C’est en voix off que se raconte le premier poste, le premier jour. A l’écran les images d’un abattoir de porcs, puis d’un autre, spécialisé dans la volaille. Rien de spectaculaire en ce début de film, mais un malaise diffus, celui de la découverte d’une réalité laborieuse insoupçonnée. Sans parler de celles et ceux qui l’ont vécue, on a toutes et tous une représentation de la chaîne de travail, ne serait ce que par le biais du cinéma. Aliénation grandiloquente dans Metropolis de Fritz Lang, ou comique dans Les Temps Modernes de Chaplin notamment, elle se fait sidérante dans Entrée du personnel. Il ne s’agit d’abord pourtant que de mettre en caisse, ou sur des présentoirs à étages, des volailles plumées, de bêtes poulets de batteries, puis de les étiqueter avant de les placer en chambre froide. Mais avec quelle urgence, quelle frénésie. Manuela Frésil n’a pas besoin d’en rajouter avec des effets de montage ou de mise en scène. Il lui suffit de filmer, en plan séquence ce qui se déroule devant elle, pour rendre compte de la cadence infernale qui constitue le quotidien salarial de ces ouvrier-e-s.
Bien que sonores, les images sont muettes, comme le sont ces travailleurs-ses contraint-e-s de courir pour tenir le rythme.

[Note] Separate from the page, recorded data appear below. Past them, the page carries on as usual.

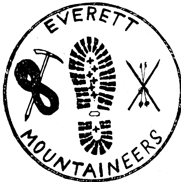
Patch designed by Larry Longley

The adoption papers of The Three Fingers Lookout are almost final. The most headway has been made with the approval of taking pack animals in on July 21-24 to move the heavy building materials to the highest point the animals can go. Then comes the "human chain" to move the supplies to the Lookout Cabin. The weekends planned for this activity are July 26-27, Aug. 2-3 and if still more work is need, Aug. 9-10. Look at your summer schedule and mark one of these weekends to help, or more if you can. These weekends are for work on the Lookout but the trail will also need some work after the pack animals have gone over it so Gordon Rogers is organizing a trail maintance crew to make repairs and would also like to have food provided for the work crews. All of this is going to require a lot of volunteers. More information and details can be obtained from Jerry Thompson, Carol Pinneo 488-4125 or Jim Eychaner 723-0237.
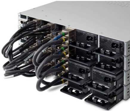
Figure 7. Cisco Catalyst 9300 Series StackPower
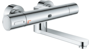
36 454 000 Infra-red electronic wall basin mixer with thermostatic temperature control GROHE SafetyPlus fixed temperature stop projection 287 mm
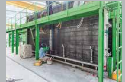
1. Shuttering, reinforcement, inserts
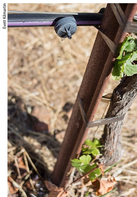
Drip irrigation emitter using recycled water from the Napa Sanitation District.

In addition to the water sampling described above, we collected soil samples in September 2005 from a vineyard that had been drip-irrigated with NSD recycled water for eight seasons (1997 to 2005). Soil samples were collected Sept. 15, 2005, at two depths. The grower typically

On apprendra plus tard que l’augmentation de la vitesse de la chaîne se fait à l’insu de celles et ceux qui y travaillent. Imperceptiblement. Gagner une seconde sur chaque geste. Laisser les hommes et les femmes accélérer jusqu’à s’essouffler et revenir à l’allure initiale avant que la chaîne ne déraille. Alors dans ces conditions ce sont les corps qui souffrent. Le film en montre quelques uns, en dehors de l’usine, parfois devant. En silence les ouvriers font et refont leurs gestes. Une pantomime bégayante et grotesque, à laquelle néanmoins Manuela Frésil apporte un forme de poésie, de grâce. La manifestation d’une transcendance matérialiste. Un moment de vie, dans un univers mortifère.
Ce n’est qu’à la toute fin de son film, à la durée atypique, qu’intervient la boucherie. Celle de l’abattage de masse, de la découpe des carcasses de bœufs ou de porcs. Que cette tuerie intervienne à l’issue du dévoilement de la réalité de ce travail là, permet d’en comprendre la vraie violence. Celle qui est faite aux bêtes bien évidemment, mais aussi et surtout celle qui est d’abord faite aux hommes. On aura compris qu’il ne s’agit pas ici de prendre position autour de la question animale avant d’avoir dénoncé le traitement faits aux hommes par l’industrie viandarde. Néanmoins, allez savoir pourquoi, à l’issue de la séance, il n’est pas impossible que l’on délaisse l’entrecôte pour lui préférer quelques temps du moins, le tofu.